* INSTRUCTIONS TO FOLLOW *
Although pictures appear in the data, the answer should contain only the lines from its start through the line with "Zojuist de cursusdag", written out exactly.

* DATA EXCERPT *
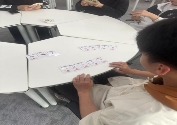 在活动的起始阶段,学习部副部长冯俊祺同学细致地阐述了卡牌游戏的规则。同学们在获得手牌后,须迅速激活自己的知识库存,敏捷地进行字母的组合,以拼出英语四级词汇,并将之展现于桌面之上。当一位同学成功将所有手牌拼组成单词时,便宣告胜利的到来。
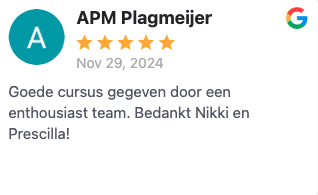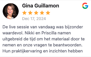 Zojuist de cursusdag gehad en dit heel positief ervaren: interessante, goede, duidelijke informatie. Zowel Nikkie als Priscilla zijn fijne sprekers!
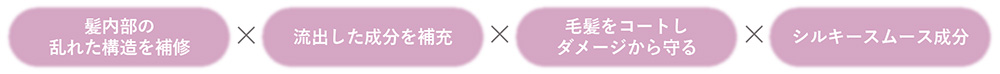 ※シルキースムース成分はポリクオタニウム-51、浸透型ナノケラチンカプセルはジココイルエチルヒドロキシエチルモニウムメトサルフェート・コレステロール・セラミドNG・セラミドNP・加水分解ケラチン羊毛、キューティクル補修コート成分はシロキクラゲ多糖体、キューティクルケア成分はフェニルトリメチコンです。

* RESPONSE AREA *
 在活动的起始阶段,学习部副部长冯俊祺同学细致地阐述了卡牌游戏的规则。同学们在获得手牌后,须迅速激活自己的知识库存,敏捷地进行字母的组合,以拼出英语四级词汇,并将之展现于桌面之上。当一位同学成功将所有手牌拼组成单词时,便宣告胜利的到来。
 Zojuist de cursusdag gehad en dit heel positief ervaren: interessante, goede, duidelijke informatie. Zowel Nikkie als Priscilla zijn fijne sprekers!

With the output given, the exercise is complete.